Shibumi: Thriller (German Edition)
»Wir sind jetzt fast auf der Höhe des Torrente von Holçarté. Die Mündung kann nicht mehr weit von hier sein.«
»Ja«, antwortete Le Cagot, »aber wo ist der Fluss? Was hast du mit ihm gemacht?«
Wie immer, wenn der Weg relativ einfach war, übernahm Le Cagot jetzt die Führung durch die Zazpiak-Bat-Höhle. Sie wussten beide, dass Nikolai der bessere Felstaktiker war; Le Cagot brauchte das nicht erst einzugestehen, und Hel musste es nicht betonen. Die Führung wechselte mit der Beschaffenheit einer Höhle. Hel führte durch Schächte, an Wänden hinab, über Simse, während Le Cagot die Führung übernahm, sobald sie Höhlen und pittoreske Passagen betraten, die er somit »entdeckte« und taufte.

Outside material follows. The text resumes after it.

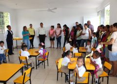 La alcaldesa Patricia Cruz Matheis hizo entrega de un aula para el Centro de Atención Infantil Comunitario (CAIC) de la comunidad Escolín, con el fin de mejorar las condiciones en las que estaban recibiendo clases los pequeños en edad preescolar.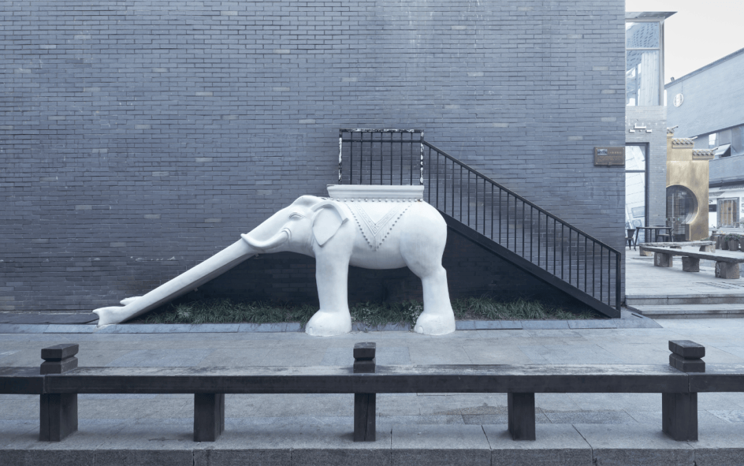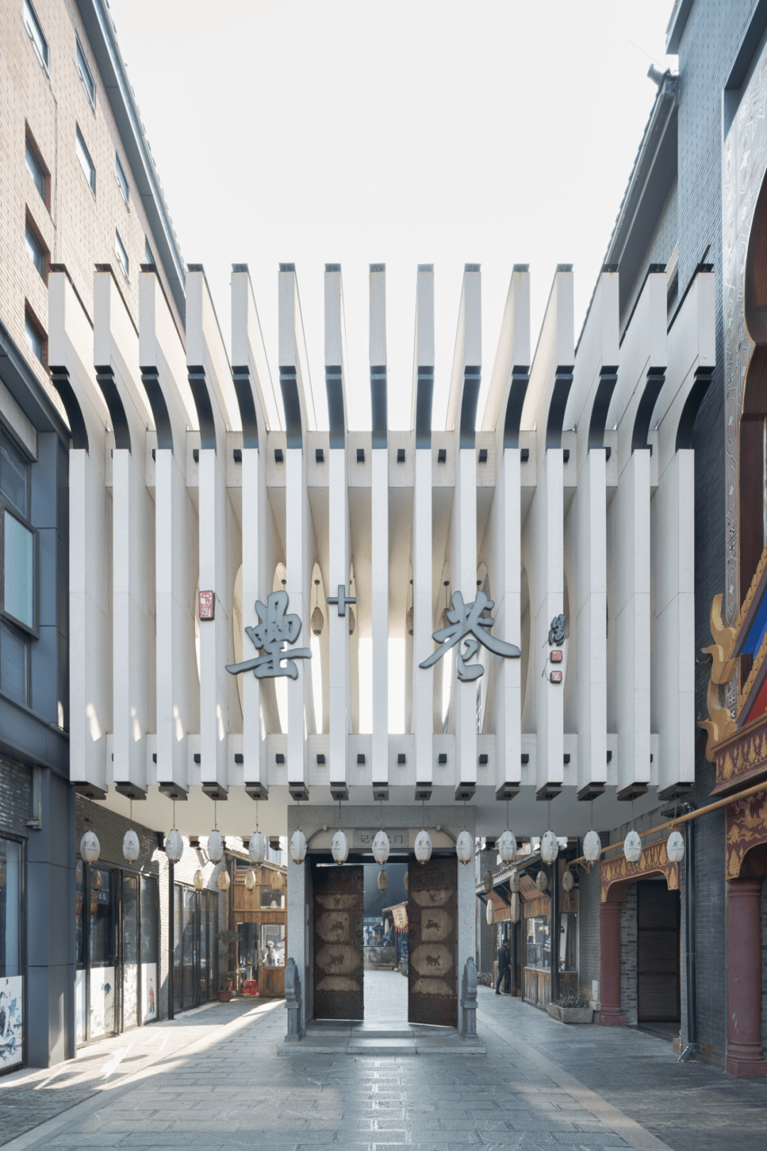 合肥巷内街 在街中加建连廊、罍门、合肥老城地图微观小品以及九狮苑微型雕塑来分隔小空间,将合肥一个个渐渐消逝的地名在此重生,以记忆之门、记忆之城、记忆之巷,增添合肥方言互动墙、活字印刷光影投射、逍遥津大象滑滑梯景墙等互动装置,从形、声、闻、味多维角度让周边市民增添互动参与的感官。

Während er voranging, erprobte Le Cagot in der Höhle seine Stimme, indem er eines jener klagenden, atonalen baskischen Lieder anstimmte, deren Klang den Beweis für die Fähigkeit seines Volkes lieferte, ästhetische Schmerzen zu ertragen. Das Lied war von der einmaligen baskischen Onomatopöie bestimmt, die über die bloße Nachahmung von Geräuschen und Klängen hinausgeht und eine Imitation von Emotionen darstellt. Im Refrain war von einem Mann die Rede, der eine Arbeit nachlässig (kirrimarra) und in verwirrter Hast (tarrapatakan) ausführte.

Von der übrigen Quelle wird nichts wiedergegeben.